Um internauta ainda informou “Esse aí não é o Botafogo”, ali pela altura da segunda mensagem errada, mas os jornalistas (sic) do tal site Siga Seu Time continuaram na banheira. Certamente não estavam no estádio e cometiam caneladas com a famosa dupla de ataque, CTRL C e CTRL V, que vampirizavam as mensagens de algum site ou portal que acompanha os jogos e vai informando através de mensagens curtas como, por exemplo, o UOL e o Terra fazem.

Então, quando a emocionante partida entre o Santo André e o tal botafogo de Ribeirão Preto já estava 2×1, e começaria o segundo tempo, eles informam com a mais singela das mensagens: “Da equipe técnica: em razão de uma falha técnica estamos transmitindo o jogo do Botafogo de SP. Estamos trabalhando na solução”. Vai ter gerundismo em menos de 140 caracteres assim lá na China – Cantão, que fala Português –. Acho que o radinho de pilha estava sintonizado em alguma estação de Ribeirão Preto ou Santo André, ou pior, ouviam o jogo online, mas nem se tocaram que o sotaque dos locutores, comentaristas e repórteres de campo era do tipo “não estou inteindeindo”.

E mesmo após o anúncio da tal solução – sugiro uma solução de água e sabão nos pavilhões auriculares – mandaram mais uma mensagem ainda usando o escudo do Botafogo para informar que começara o segundo tempo da emocionante peleja.

Decididamente, o clube da Estrela Solitária, que é internacionalmente conhecido, e é o único a ter três jogadores na seleção de todos os tempos da Fifa, não é dos mais bafejados pela sorte. Por este motivo a frase mais conhecida sobre o Botafogo é a que dá nome a este artigo. Além disso, saibamos, há outros clubes no Brasil que ostentam a palavra “Botafogo”, como o da Paraíba.

Há alguns anos a paulistada, principalmente a imprensa da terra garoa e, em especial a Folha de São Paulo, a qual sou assinante, cismava em falar do Botafogo como “Botafogo do Rio” ou “Botafogo-RJ”, como se por algum acaso (aborto) histórico – Êpa!
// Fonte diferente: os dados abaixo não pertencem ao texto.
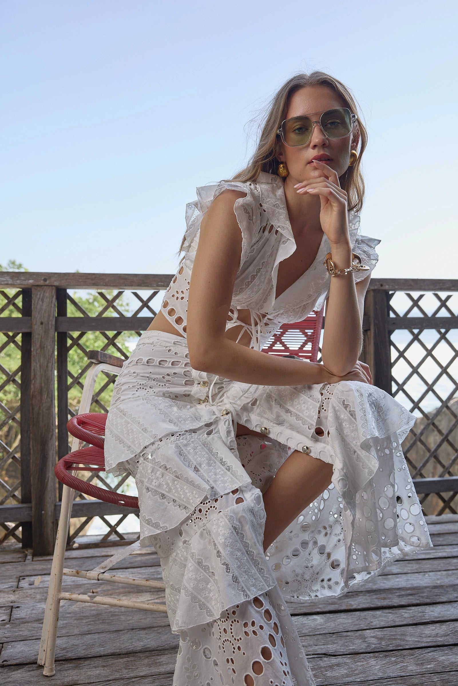 Our sought after Loulou ruffle blouse corset shape in a dress form, fitted pencil skirt falling mid calf, with a cheeky slit detail down the centre front of skirt, blouse has padded cup details, elasticated at the back to follow forms perfectly.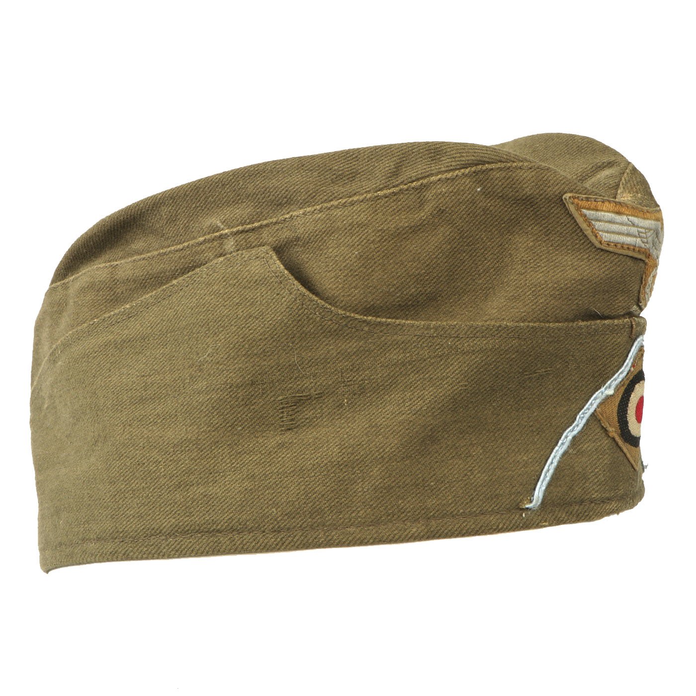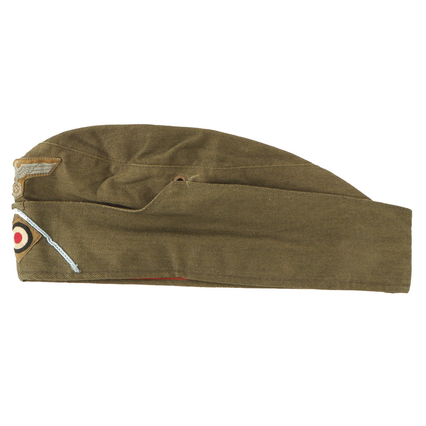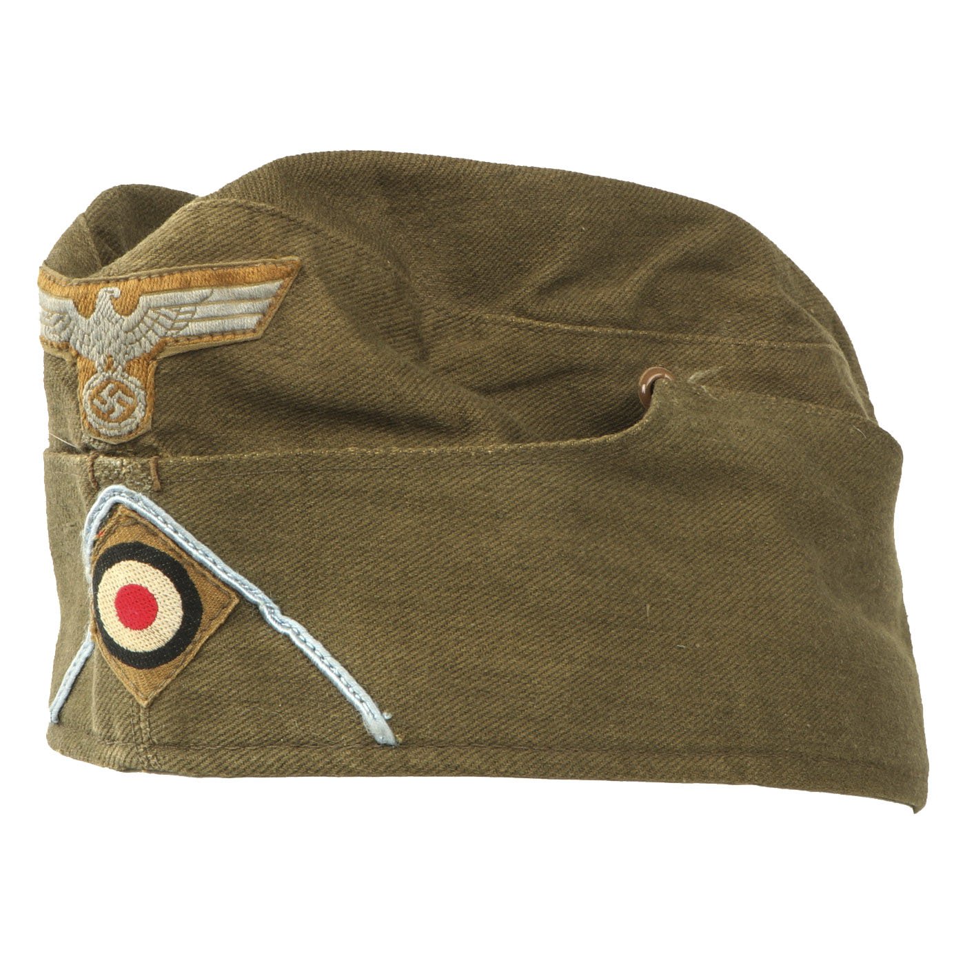 Original Item: Only One Available. The second most predominant item of Heer tropical soft headgear was based on the M-34 / 38 overseas cap, nicknamed in German army slang as Schiffchen, or literally "little ship" as it resembled an up-turned row-boat. It lacked a peak or visor, and was made in the same cotton as the M-40 'Afrikamütze' cap. The production of these also started in 1940. The schiffchen utilized the same brown enameled stock for the vent holes as the M-40.

O arcebispo vai me excomungar? –, um clube da cidade de Ribeirão Preto que sabe-se, lá o motivo pelo qual utiliza o nome Botafogo, fosse o original. Mandei alguns e-mails e até recebi resposta do onbudsman – isso parece anagrama – e acordaram para o fato de que Sampa não tem praia, muito menos Ribeirão Preto também tem praia e um bairro chamado Botafogo. E o pior de tudo é que este clube de Ribeirão Preto fez uma das piores combinações de cores que poderia existir: juntou a cor preta com a vermelha. Em termos cromáticos do Glorioso, essa combinação de cores é mais apropriada ao Império do Mal. Eu não pronuncio ou escrevo palavras de baixo calão como a que denomina um clube situado na Gávea.